Given the spectacular interactions between Io and Jupiter — the moon plays a major role in shaping the planet’s magnetic field and contributes a cloud of particles originally produced by its volcanic activity — it’s all but inevitable that a recently discovered ‘rogue’ object would be compared to the duo. The rogue in question is SIMP J01365663+0933473, a planetary mass object of perhaps 12 Jupiter masses that is at the boundary between brown dwarf and planet. Between 12 and 13 Jupiter masses is considered to be the deuterium burning limit; i.e., above this, we would expect a gaseous object to be a deuterium-burning brown dwarf.

What an intriguing situation we find here. Originally found in data collected by the Very Large Array, SIMP J01365663+0933473 (which I’ll now mercifully shorten, as per the paper, to SIMP0136) has a magnetic field some 200 times stronger than Jupiter’s. The discovery marked the first radio detection of a possibly planetary mass object beyond our Solar System, as well as the first measurement of the magnetic field of such an object. SIMP0136 is presented as part of a broader study examining five known radio-emitting brown dwarfs observed at the VLA.

Some brown dwarfs have previously been found to have auroras, not dissimilar to those we’ve found in our own Solar System’s gas giant planets. But how they are produced here is an interesting question. The spectacular auroral displays that can enliven winter skies on Earth are the result of our planet’s magnetic field interacting with the solar wind. SIMP0136, 20 light years out, is unaccompanied by any star. Thus the Io comparison — we may be looking at an orbiting planet (or moon, depending on what the primary object is) interacting with its magnetic field.

Image: Artist’s conception of SIMP J01365663+0933473, an object with 12.7 times the mass of Jupiter, but a magnetic field 200 times more powerful than Jupiter’s. This object is 20 light-years from Earth. Credit: Caltech/Chuck Carter; NRAO/AUI/NSF.

The lead author of today’s paper on this object is graduate student Melodie Kao, recently at Caltech, and now a postdoc at Arizona State University. Kao points out in this NRAO news release that SIMP0136 can help us understand magnetic processes on both stars and planets. Radio flaring was first observed in a brown dwarf in 2001, providing evidence for strong magnetic activity.

In fact, the original detection of SIMP0136 was as part of a study into brown dwarf magnetic fields and radio emission in cool objects, but SIMP0136 itself was then thought to be considerably older than it turns out to be. Last year an independent team headed by Jonathan Gagné discovered that it was part of the young Carina-Near moving group, and determined that its mass was 12.7 times that of Jupiter, with a radius 1.22 times that of the gas giant.

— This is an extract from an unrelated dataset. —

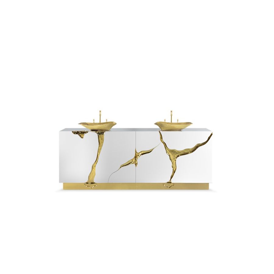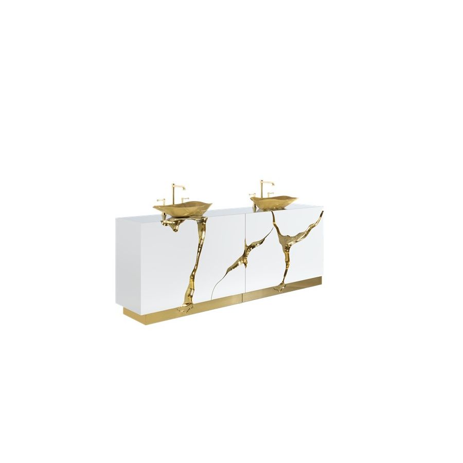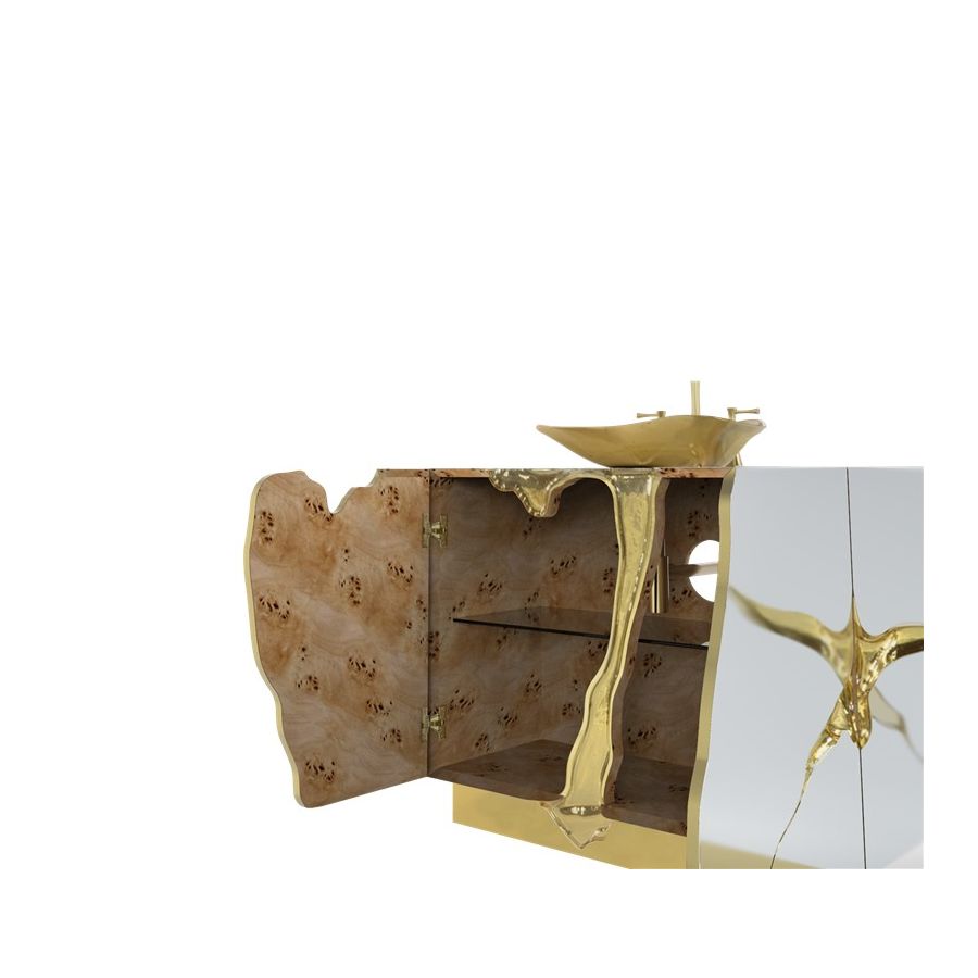 Lapiaz was inspired by the typical karst formations produced by the dissolution of limestone rocks. With a polished brass tear enhanced by its rich aesthetic as well as a set of four doors finished in poplar root veneer, this Lapiaz Vanity Cabinet is such a statement that stands out in your bathroom interior design!

All the brown dwarfs surveyed here turn out to be rapid rotators, with rotation periods between ?1.44 and 2.88 hours. The authors suggest a rotation period of 2.3895±0.0005 for SIMP0136.

At 200 million years old (the projected age of the Carina-Near moving group), with a surface temperature of about 825 degrees Celsius (well below our Sun’s surface temperature of 5,500 degrees C), SIMP0136 looked more and more like a free-floating planet. It should be useful as we examine the production of magnetic fields in both brown dwarfs and exoplanets, along with the auroral activity they can generate. And here’s an interesting follow-up. Are we looking at a new way to detect a particular kind of exoplanet? From the paper:

…SIMP0136…was recently found to be a member of a nearby ?200 Myr moving group. This new age constraint reduces its estimated mass to a mere 12.7 ± 1.0 MJ, possibly making SIMP0136 the first known planetary mass object detected in the radio. If SIMP0136 is indeed a field exoplanet, its detection demonstrates that auroral radio emission can open a new avenue to detecting exoplanets, including elusive rogue planets.

The paper is Kao et al., “The Strongest Magnetic Fields on the Coolest Brown Dwarfs,” Astrophysical Journal Vol. 237, No. 2 (31 July 2018). Abstract / preprint. Gagné and team’s work is Gagné et al., “SIMP J013656.5+093347 Is Likely a Planetary-mass Object in the Carina-Near Moving Group,” Astrophysical Journal Letters Vol. 841, No. 1 (15 May 2017). Abstract available.